After walking through this experience as I have, I fully-believe that empathy and “shoulds” will never bring us where we want to be. When I talk to Black Americans, I hear many bemoan how slowly the whole “race for equality” is moving. Perhaps it is because we believe that progress is reliant upon kind and empathetic white people who can only step out of our shiny world long enough to see oppression for a limited time before we tire and move on to something else. Is that wrong of white people? No, it isn’t. It is just what is. It is as good as empathy can give us. It is that we’re on a gravel road riddled with potholes instead of a freeway. If we want a freeway, we need a little selfishness. I’m not talking about the kind of selfishness that will step on others to get ahead or the kind that thinks we are better than others. I am talking about having our own internal drive with our own built-in reward system.

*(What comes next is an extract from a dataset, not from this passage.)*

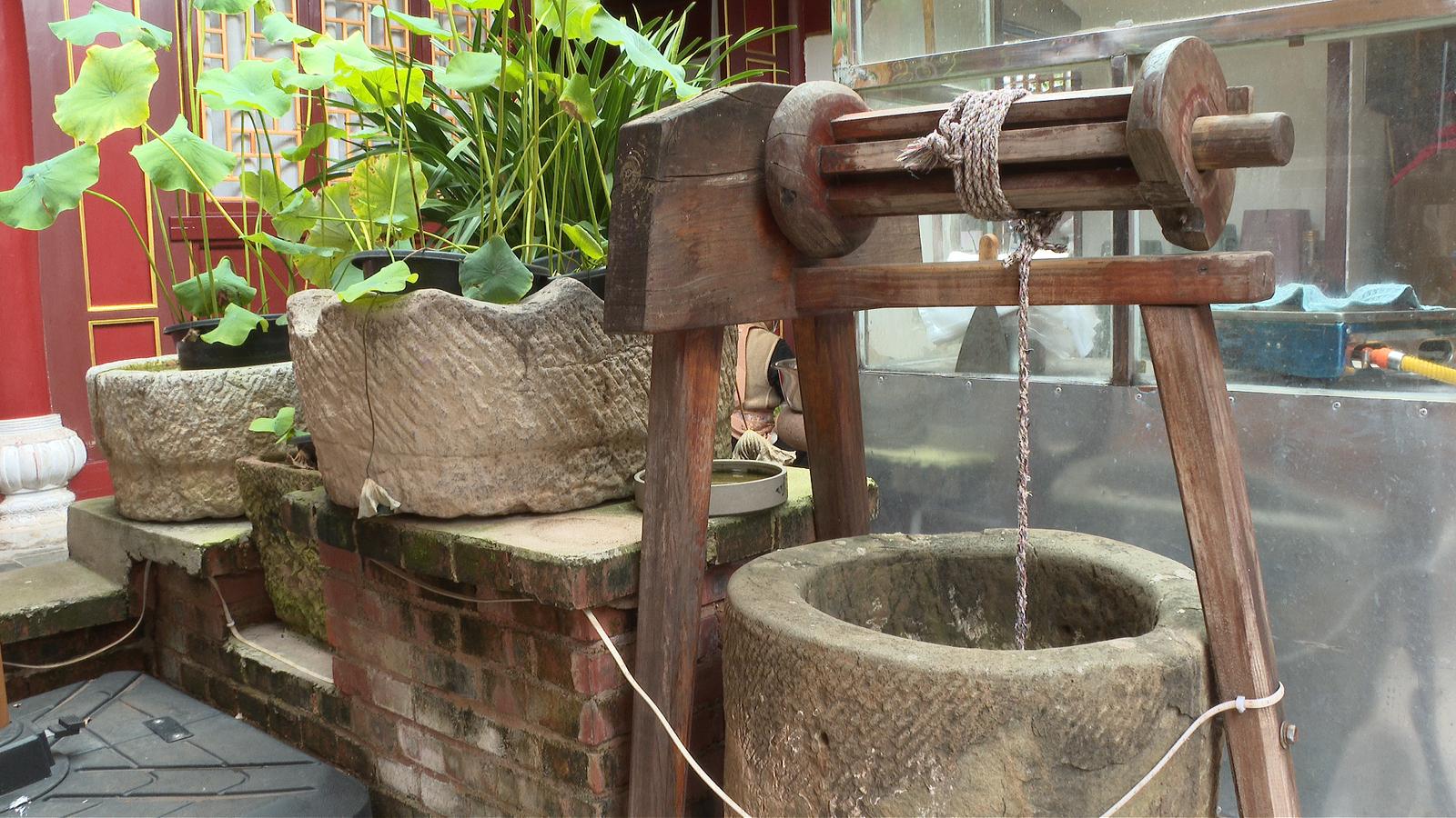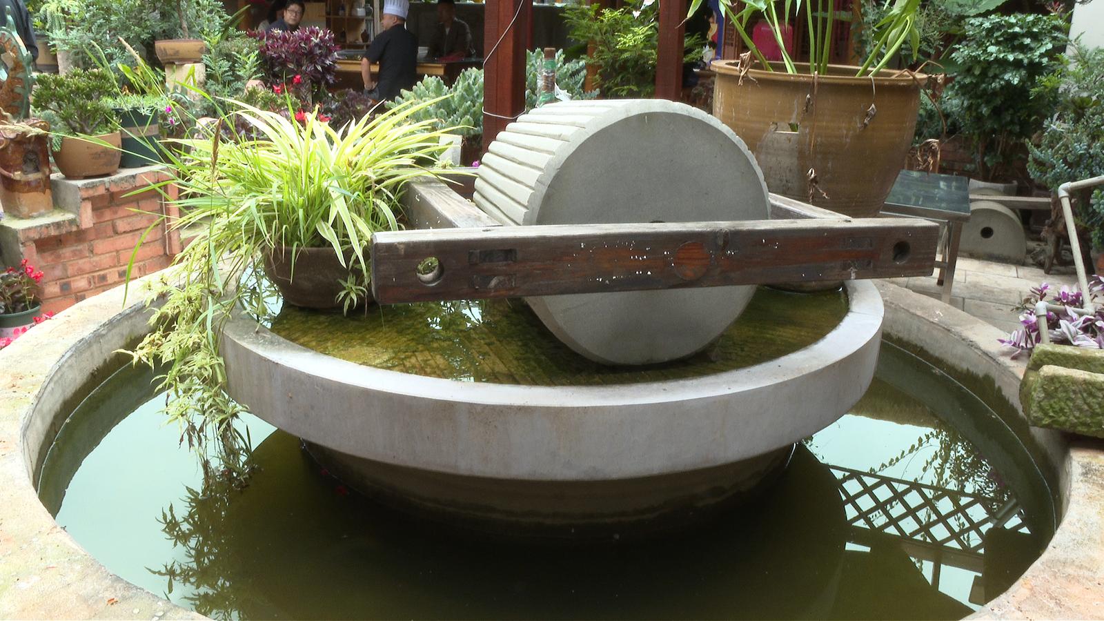 在通海县城三角地饭店,传统农具与现代生活空间实现了完美结合——磨盘石臼改造为特色洗手台,石磙石磨点缀着绿植盆栽,废弃水井成为庭院景观......这些创新改造既保留了农耕文化记忆,又赋予了新的实用功能,让传统农耕文化以更生动的方式融入现代生活,并吸引到了不少食客。

We need to see what is in it for us:

  • See where our culture has hurt us and how it continues to hold us to a standard of perfection while killing every opportunity for authenticity.

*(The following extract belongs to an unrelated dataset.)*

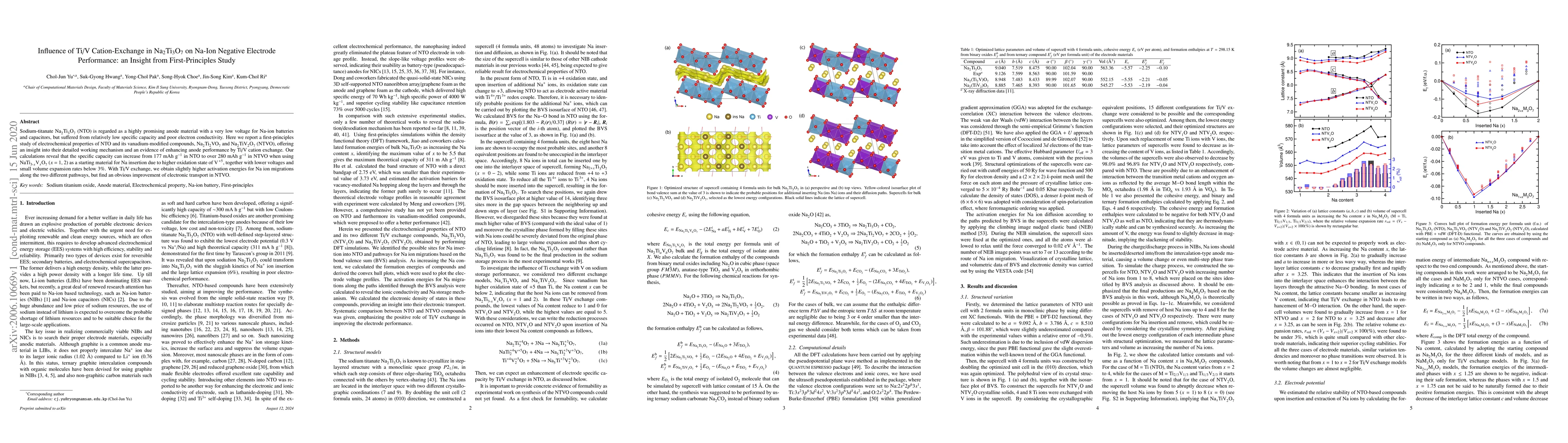 This study investigates the impact of Ti/V cation exchange in \ce{Na2Ti3O7} on Na-ion battery anode performance via first-principles calculations. The research shows that Ti/V exchange enhances specific capacity and electronic conductivity, improving overall electrochemical performance.

  • See where authentic relationships can give us richness in life that we’ve never had.
  • Be able to “selfishly” see how having the freedom to walk through grief and not having to say we’re fine is something we will all need at some point and time.
  • See how all of the hate-talk we replay for ourselves is something we can never heal from as long as the tyrant of composure micromanages every action and word that comes out of us by pushing the play button on that self-hate tape over and over again.

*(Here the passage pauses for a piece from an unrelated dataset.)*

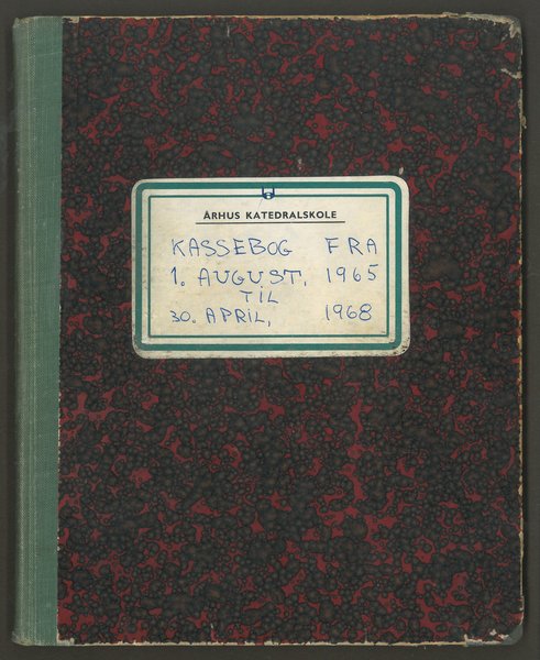 Regnskabsbog omfattende perioden 1. august 1965 til 30. april 1968. Regnskabet for de personlige indtægter og udgifter er ført af stud.jur. Finn Brøbecher, der boede på et såkaldt klubværelse i Funch Thomsensgade 10, 3. tv.

  • We need the freedom to make a few mistakes and get some warmth and genuine love without the side hug and accompanying awkward pat going on.
  • We need the freedom to stop playing the game of pushing and pulling people around us to a comfortable distance by vacillating between connecting and then playing it cool so as not to appear too needy.

White people, we’re in a prison that we don’t realize we’re in and maybe we can only get out of that with some exposure to Black Culture to show us ourselves a bit. Scary? Of course, but. I find that courage grows exponentially when we are operating out of a sense of our true selves and being full-on authentic without the prisons that the tyrant of composure requires that we live in.

As for me, I’m one white person who is picking and choosing what social norms I want to live by now. I grew up upper-class, white, and a private school girl. That culture shaped me, but I don’t have to play by the rules anymore. I can see things that I could never see before and now I get to redefine white culture and be what I SHOULD BE.